During summer programs at Northern, Marcia found her passion working with high school students with hearing impairments. Then, for eight years, she worked with teens with speech and language disabilities outside of Chicago before returning to school to earn her master’s degree at Purdue. There, she took sign language courses and re-immersed herself in the world of high school students who were deaf.

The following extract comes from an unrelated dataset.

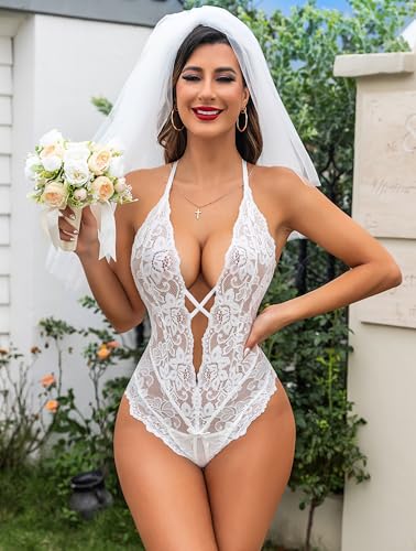 Aranmei Sexy Lingerie for Women Lace Teddy Bodysuit Deep V Cut Out Matching Panty Underwear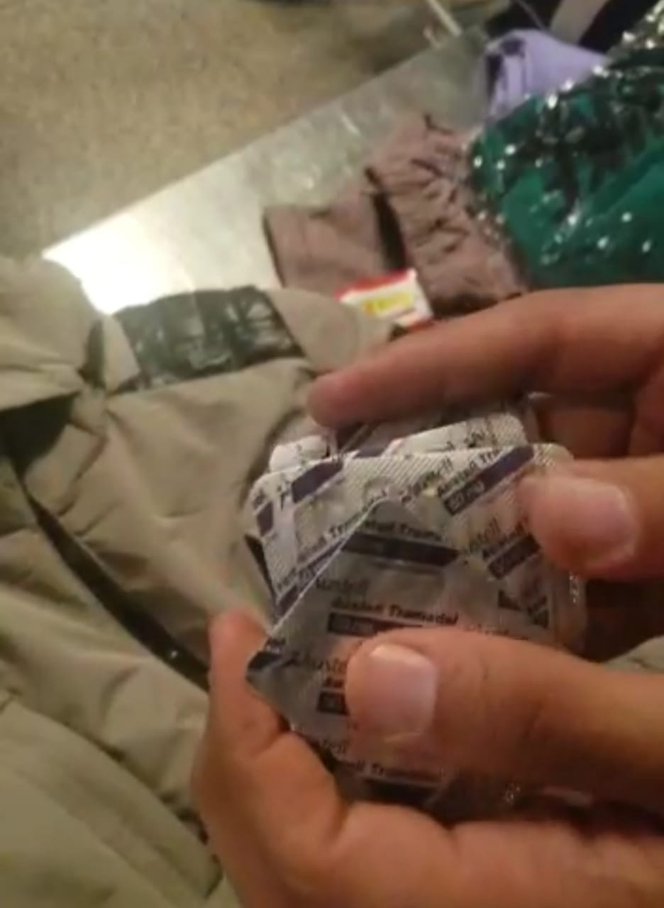 وبالعرض على حمدي حافظ نائب مدير الإدارة، قرر تمرير حقائب الراكب على جهاز الفحص بأشعة «X-RAY» بمعرفة محمود سعد مأمور الفحص، فتلاحظ وجود كثافات متماثلة وتم تأكيد الاشتباه، وبالعرض على حسين هيكل حسين نائب مدير الإدارة، قرر تكليف أمير محمود مأمور الجمرك، تحت إشراف أحمد فؤاد حامد مدير إدارة الحركة، بتفتيش حقائب الراكب وتفتيشه ذاتيًّا، فتبين وجود 57 شريطًا لأقراص الترامادول المخدرة 150 مليجرام، و4 شرائط لأقراص ترامادول المخدرة 200 مليجرام بكل شريط 10 أقراص بإجمالي 610 أقراص ترامادول المخدرة، و21 ألف دولار أمريكي و350 عبوة سجائر إلكترونية، وقطع غيارها ومستلزماتها مخبأة داخل علب الشيكولاتة وداخل سجادة والجوارب وجيوب الملابس بحقائبه.

After graduating, Marcia and Al married and took a one-year trip to Melbourne, Australia where they collaborated with the Lincoln Institute, which trained speech therapists. Then they returned to the U.S. to work in the Washington, D.C. area. Over the next decade, Al conducted research on speech-reading (i.e., lip reading) and fluency at the Walter Reed Army Medical Center, and Marcia taught students who were deaf and hard of hearing at the high school at Gallaudet University.

In 1988, they moved to South Carolina to be closer to family, and they immediately contacted USC’s Arnold School of Public Health about joining the COMD department. Until 2011, Marcia supervised graduate students, taught a popular sign language course and worked in the USC Speech and Hearing Research Center supervising students who were working with hearing-impaired clients.

Early on, Al brought in two training grants from the United States Department of Education, which started the master’s specialty track for habilitation of deaf/hearing-impaired children. He is also the coordinator for the department’s doctoral program and has served as the primary mentor for 11 doctoral students and one postdoctoral fellow. In 1989 he received the Fellowship of the Association Award from the American Speech-Language-Hearing Association, and in 2018, he is being inducted into the Outstanding Alumni Academy of Western Michigan University’s College of Health and Human Sciences.